Why we miss it: All part of the game.
The 1980s were an amazing time for home computers, thanks to a relatively large number of manufacturers bringing out competing machines. Each one was a new vision of the ideal home computer, and usually, totally incompatible with all of the others. So, the consumer had a lot of choice back in those days and had to balance features with cost and also software availability. However, it could be catch-22 with a new machine as it typically wouldn’t have much software when first released and it was unlikely that publishers would be interested in developing for a new computer with practically no owners. As computers were so expensive, it was a mistake that meant that the owner of such a system could miss out on a lot of the fun.

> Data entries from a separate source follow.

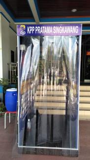 Dalam rangka pencegahan penyebaran Covid-19. KPP Pratama Singkawang menyediakan bilik sterilisasi di area depan pintu masuk kantor dan melaksanakan penyemprotan disinfektan di lingkungan kantor setiap hari (Senin, 11/5). Selain itu, nampak pada beberapa sudut di KPP Pratama Singkawang dipasang bracket handsanitizer.
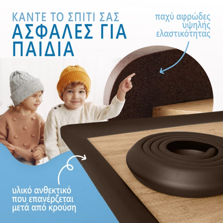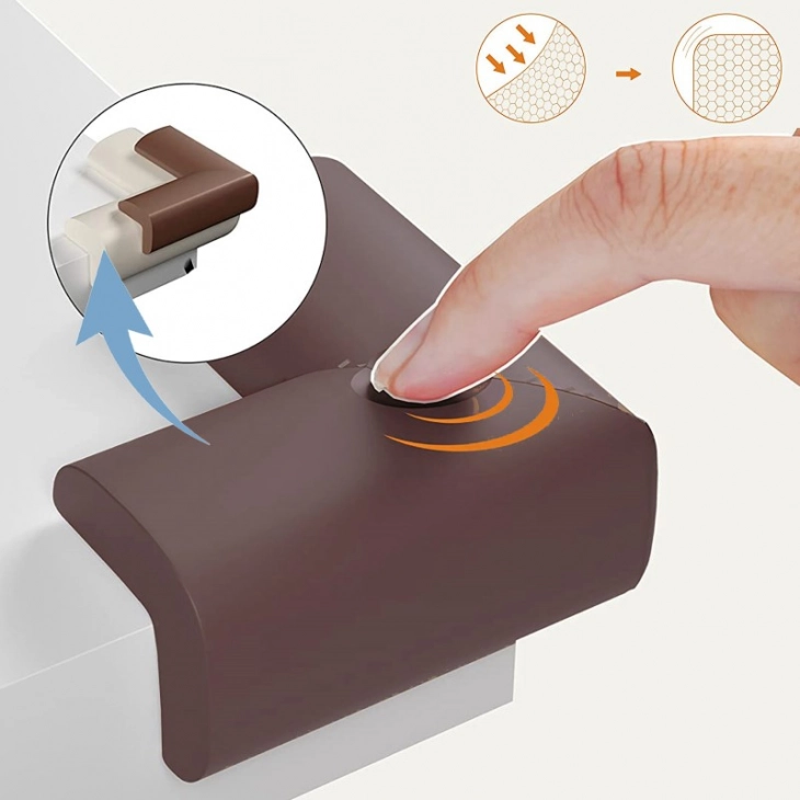 Τα προστατευτικά διαθέτουν ταινία, καθιστώντας τα εύκολο να τοποθετηθούν στις γωνίες των επίπλων όπως τραπέζια, καρέκλες, γραφεία, ντουλάπια κ.λπ.
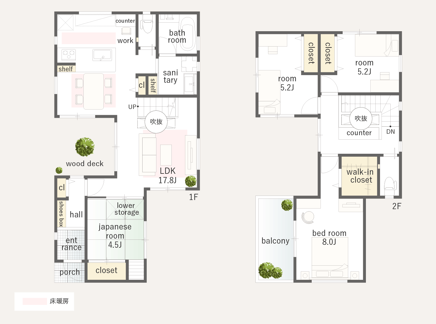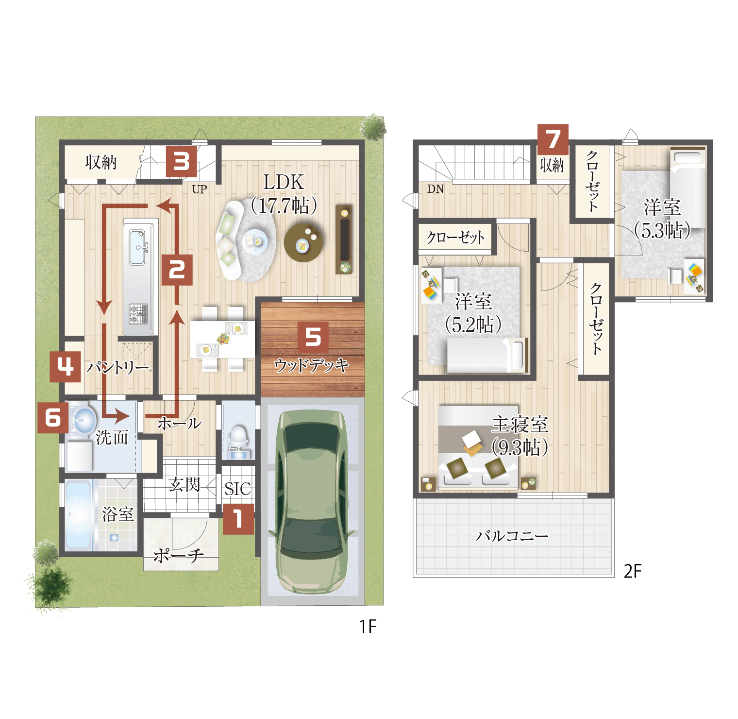 建物プラン7「ウッドデッキのある家」 - KAWASHOスマートタウン川祥建設株式会社。
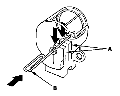 19. Push the brushes (A) in, then insert a pin or drill bit (B) (about 1.6 mm (0.06 in.) diameter) to hold them there.
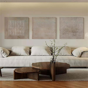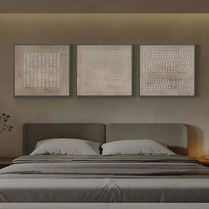 Experience true Relief with this trio of textured elegance. Each panel tells its own story through intricate patterns, adding depth and dimension to your space. Perfect for those who appreciate subtlety and sophistication in their home interior.
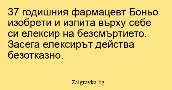37 годишния фармацевт Боньо изобрети и изпита върху себе си елексир на безсмъртието. Засега елексирът действа безотказно.
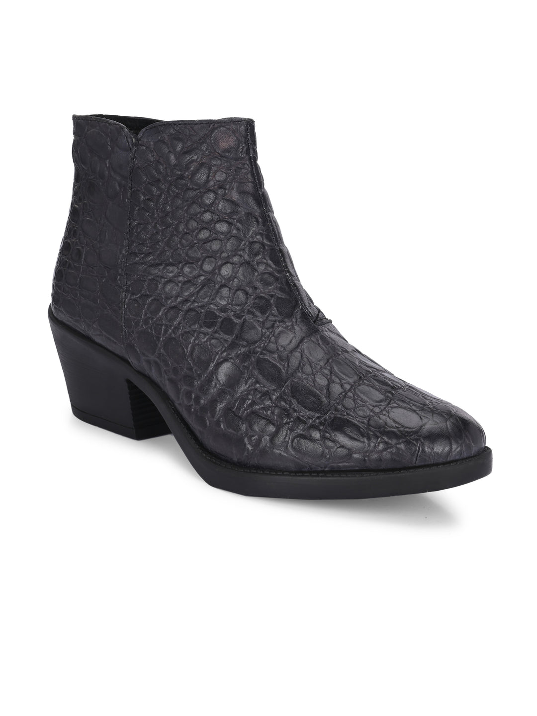 CARLO ROMANO BY WASAN BLACK-GREY COLOR VEGAN LEATHER PRINT LACE-UP ANKLE BOOTS WITH ZIP FOR WOMEN
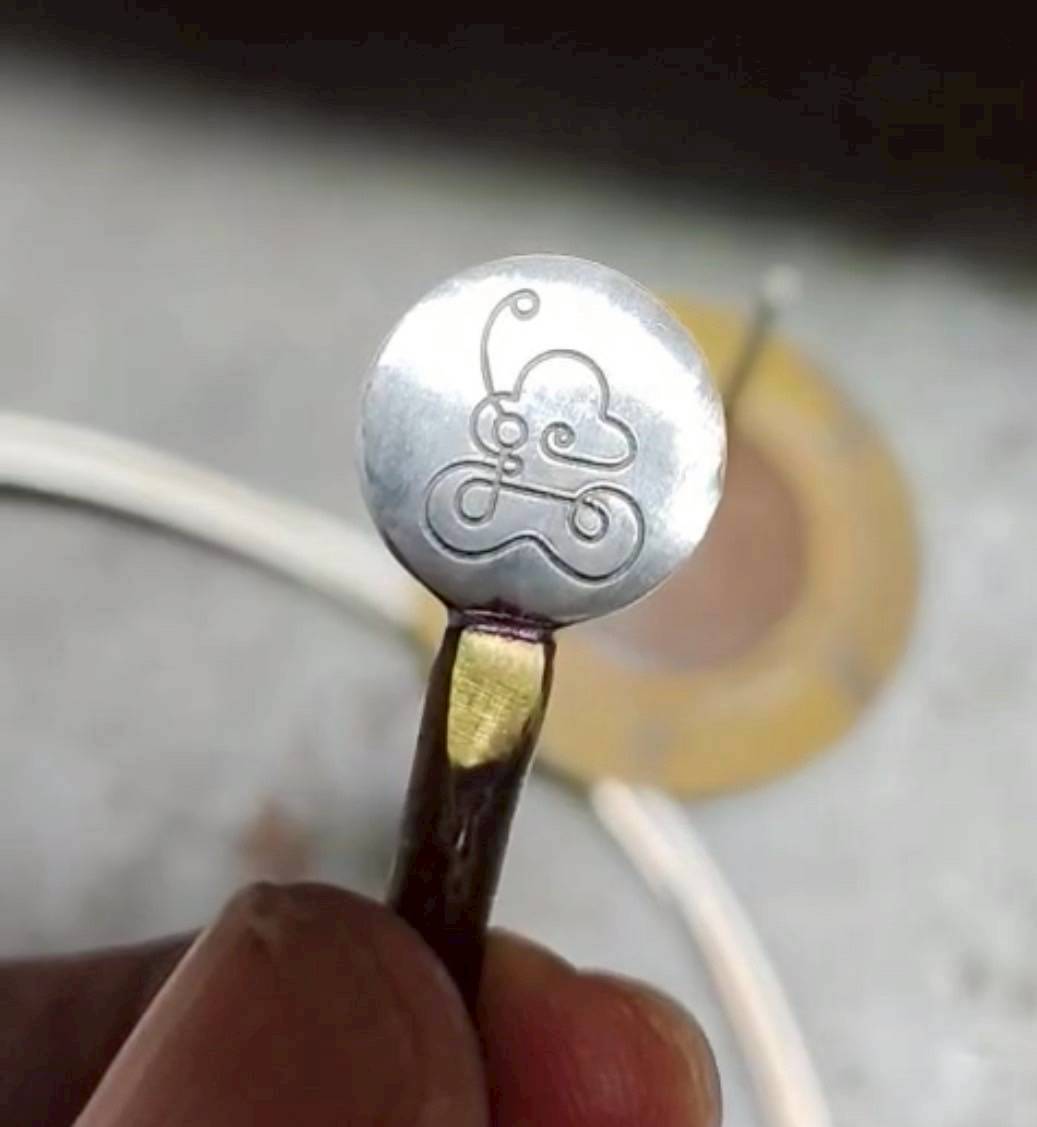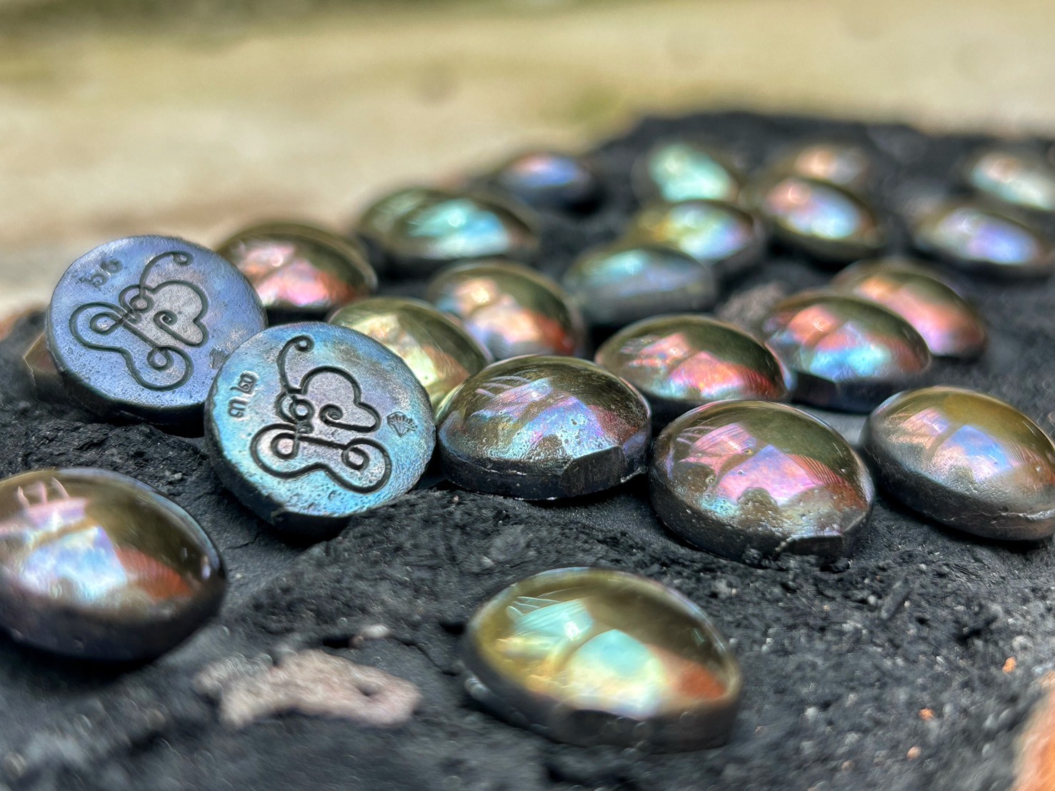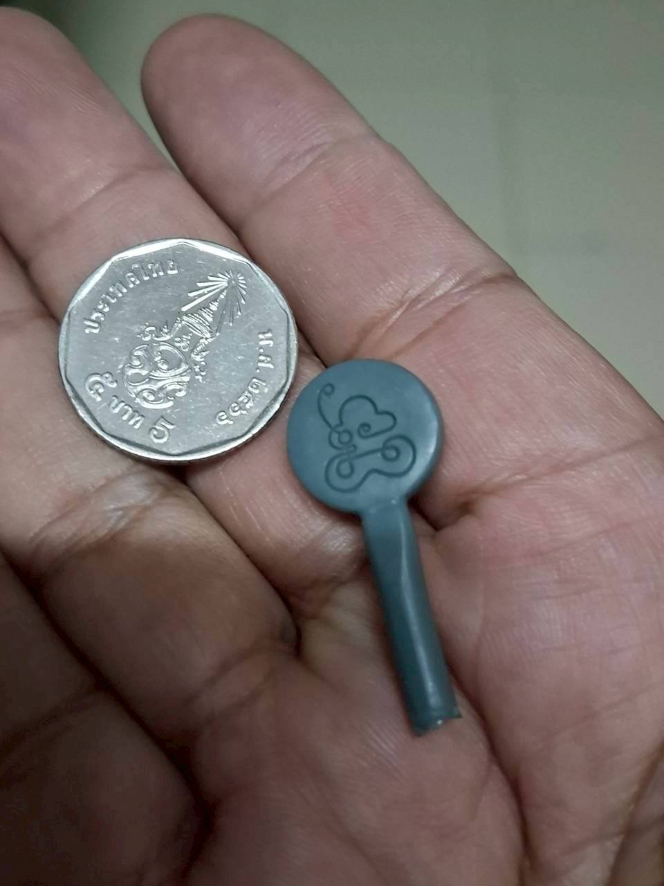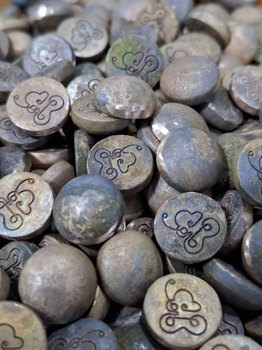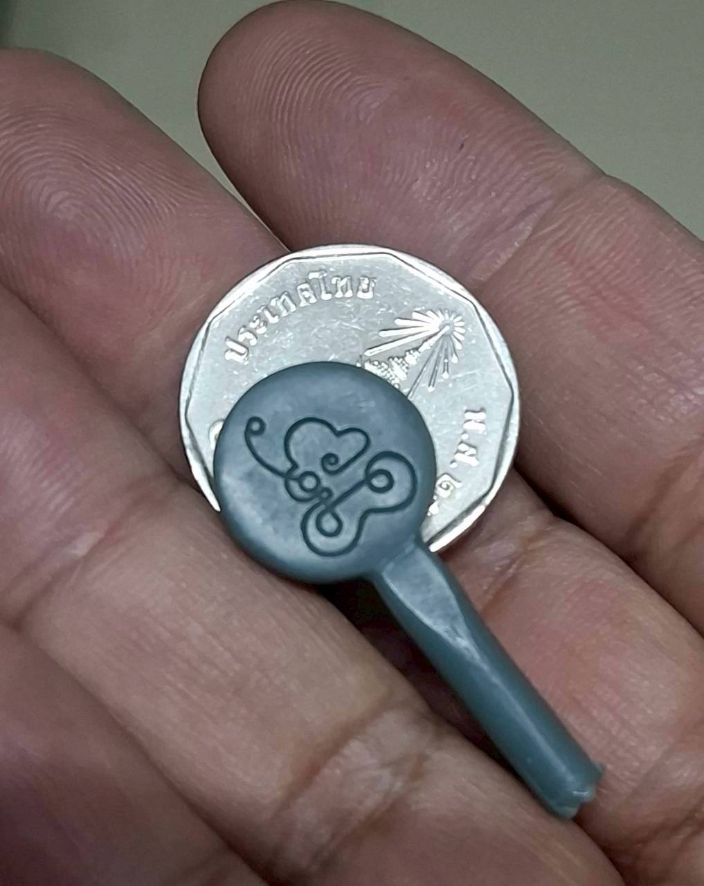 แบบพิมพ์เม็ดกระดุม เนื้อเงิน/หุ่นเทียมต้นแบบ และตัวอย่างเนื้อเมฆสิทธิ์หล่อโบราณเทดินไทย ขนาดเส้นผ่าศูนย์กลาง 1.45 มม.

Released in 1984, the Sinclair QL is a good example of this problem. Sinclair had enjoyed a huge success with the earlier ZX Spectrum home computer, and it followed up with a business-orientated home machine. It was a reasonably good machine, but due to its high price coupled with a delayed release and disappointing performance, it failed in the marketplace. A lot of people who had presumed that it was a reasonably safe bet due to the Sinclair name must have annoyed when they saw better, cheaper machines with loads of software available. The Commodore 16 was a cut price alternative to the Commodore 64 that quickly fizzled into obscurity. By the end, shops like Dixons were selling it for just fifty pounds, but fifty pounds for a computer with almost no software wasn’t much of a bargain. The flipside is that all of the old machines that went on to success were once an upstart model that no one had heard of.
Why we miss it: The first really big upgrade of the classic era.
Early home computers were based on 8 bit technology. For one thing, this meant that they could only handle numbers between 0-255. Now, you can carry out any computational task with a setup like that, it just requires more steps and takes longer than with a larger architecture. The CPU of an 8 bit system was also hampered by only being able to move around 8 bits (called a byte) of data at one time. By the end of the 1980s, machines like the Commodore Amiga, The Atari ST and the AT class IBM PC compatibles heralded the beginning of the 16 bit era of home computing.
On the console front, the Sega Megadrive and the Super Nintendo were the drool-worthy standard bearers of 16 bit processing. 16 bit machines were not only more efficient at handling larger calculations but they could also shift much more data about in the same amount of time. They needed the extra capability too as expectations had risen in terms of graphical quality and the complexity of the software. For example, increasing the number of simultaneous colours onscreen from four to sixteen was a jump from 2 to 4 bits per pixel, a doubling of the required memory. Double the resolution and you’d, once again, double the amount of memory that had to be shifted around. You’d need all of that extra processing power just to keep up with what you used to be able to do on the older computers.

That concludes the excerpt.